Fotografien können Dokumente von Verlorenem sein, zum Beispiel von Gebäuden, die zerstört wurden durch Krieg oder Abriss. Wer Jürgen Grothe durch seine aktuelle Ausstellung im Kulturhaus Spandau begleitet, sieht Gebäude, die es noch gibt – heute allerdings in restauriertem Zustand, oft in einer Schönheit, die vergessen lässt, dass es sie beinahe nicht mehr gegeben hätte.
So ist es zum Beispiel mit dem Gendarmenmarkt, der nicht nur in Berlin als der vielleicht schönste Platz der deutschen Hauptstadt gilt. Grothe zitiert bei seiner Eröffnungsrede aus einem Tagesspiegel-Artikel aus dem Jahre 1960, in dem über Pläne der damals Ost-Berliner Verwaltung spekuliert wird, die dort noch vorhandenen Gebäude abzureißen. Grothes Fotografien von damals zeigen, dass diese Idee schon damals absurd war, und glücklicherweise auch nicht verwirklicht wurde.

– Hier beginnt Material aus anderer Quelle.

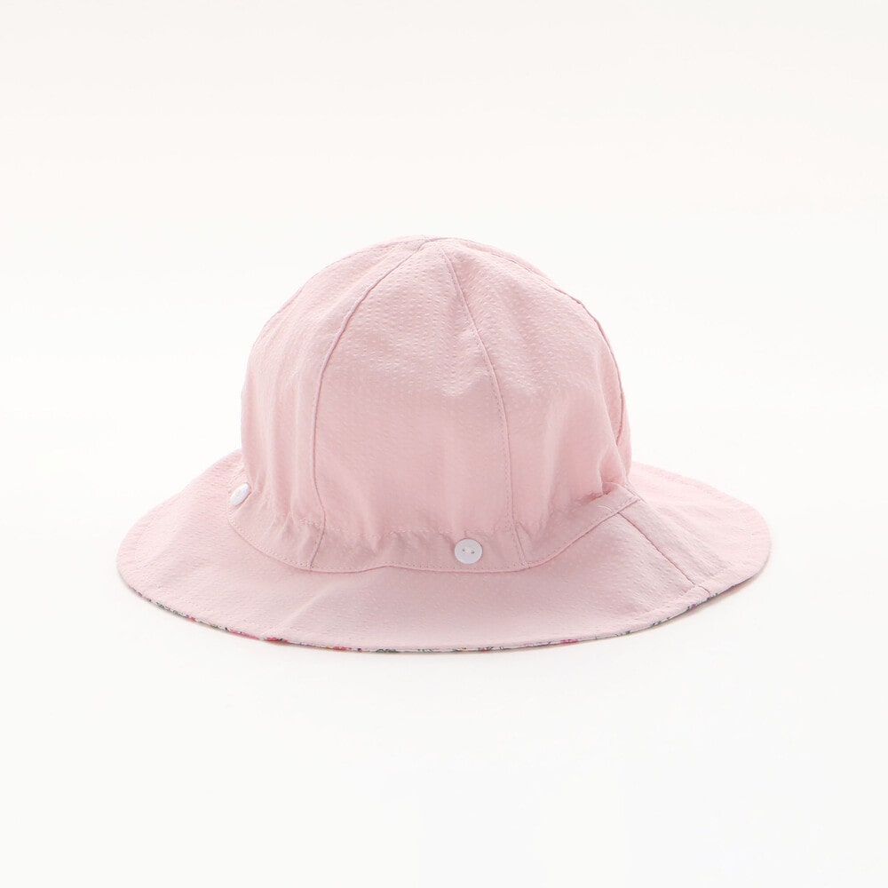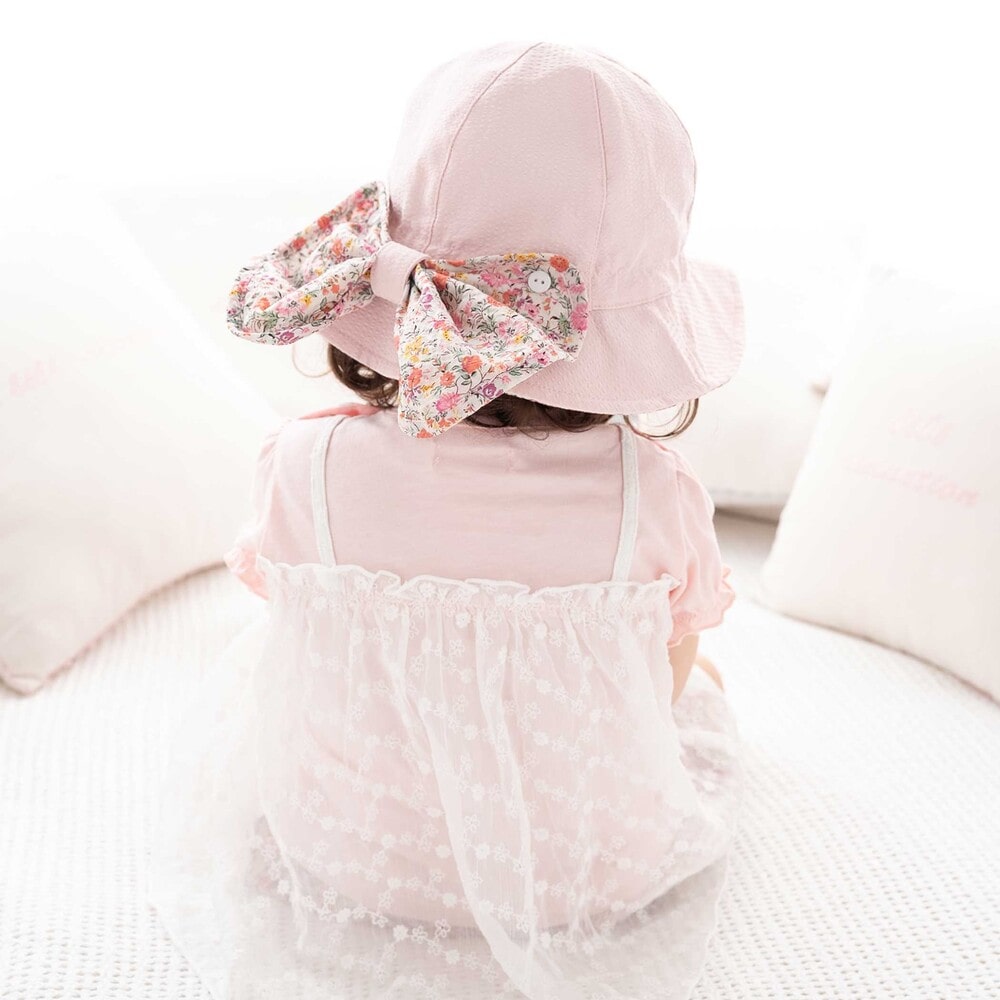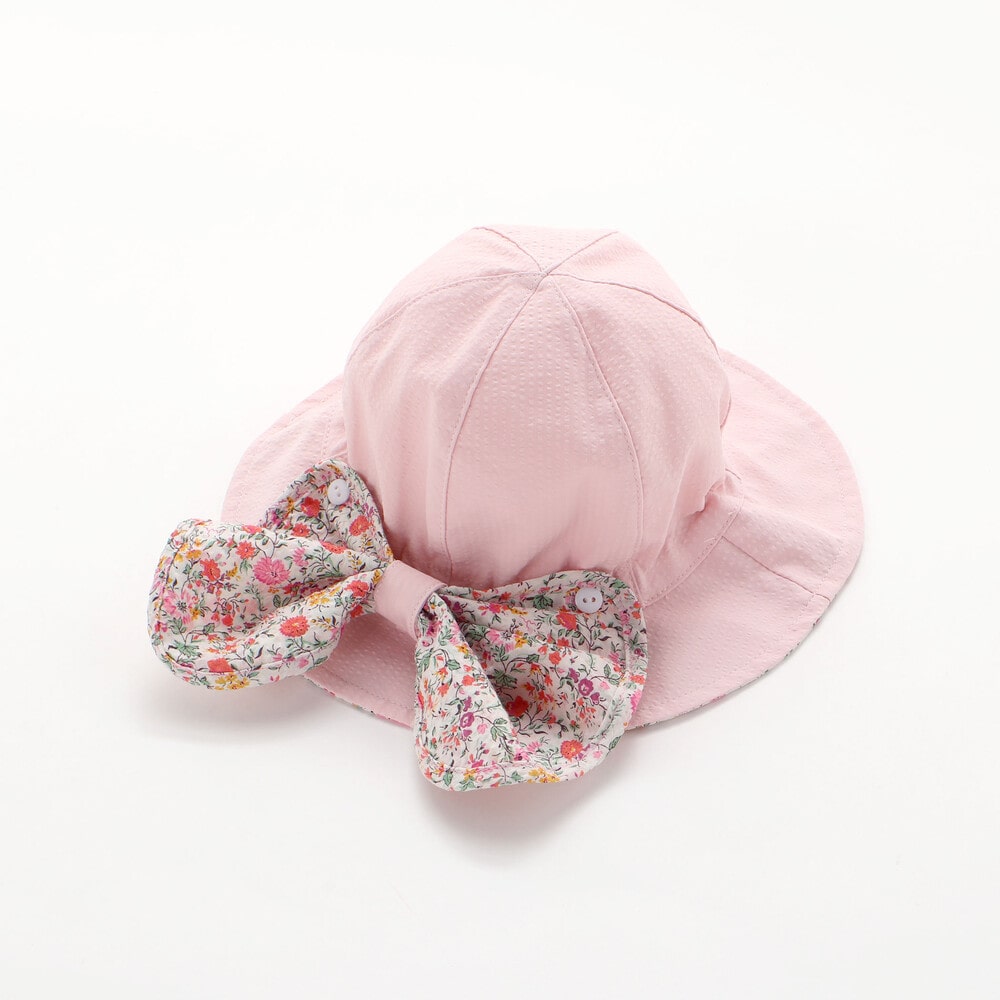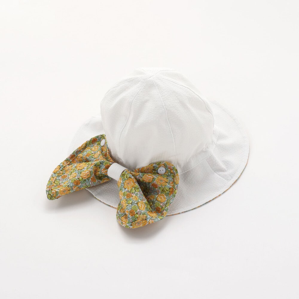 ハット後ろ側に配した、大きな可愛いリボンはボタンで取り外し可能で、真ん中のホックを外してリボンを広げてると首元が隠れる日よけにもなります。

Plaudereien mit Ost-Berliner Grenzsoldaten
Zwei andere Fotografien enthüllen dem Betrachter erst auf den zweiten Blick das, was sie zeigen. Die de-facto-Ruine ist der Martin-Gropius-Bau, seit langem eines der großen Ausstellungshäuser der Stadt. Am 27. Juli 1968, als Jürgen Grothe in dieser Ruine herum kletterte, war das ehemalige Kunstgewerbemuseum noch eine solche. Und auch der West-Berliner Senat erwog bis in die 1970er Jahre den Abriss, bis dann doch anders entschieden wurde. 1977 bis 1981 nahm man sich Zeit für die Wiederherstellung. Grothe erinnert sich noch gerne daran, wie er zum Zeitpunkt seines „Kletterns“ mit den Ost-Berliner Grenzsoldaten plauderte, die an der direkt angrenzenden Mauer ihren Dienst taten.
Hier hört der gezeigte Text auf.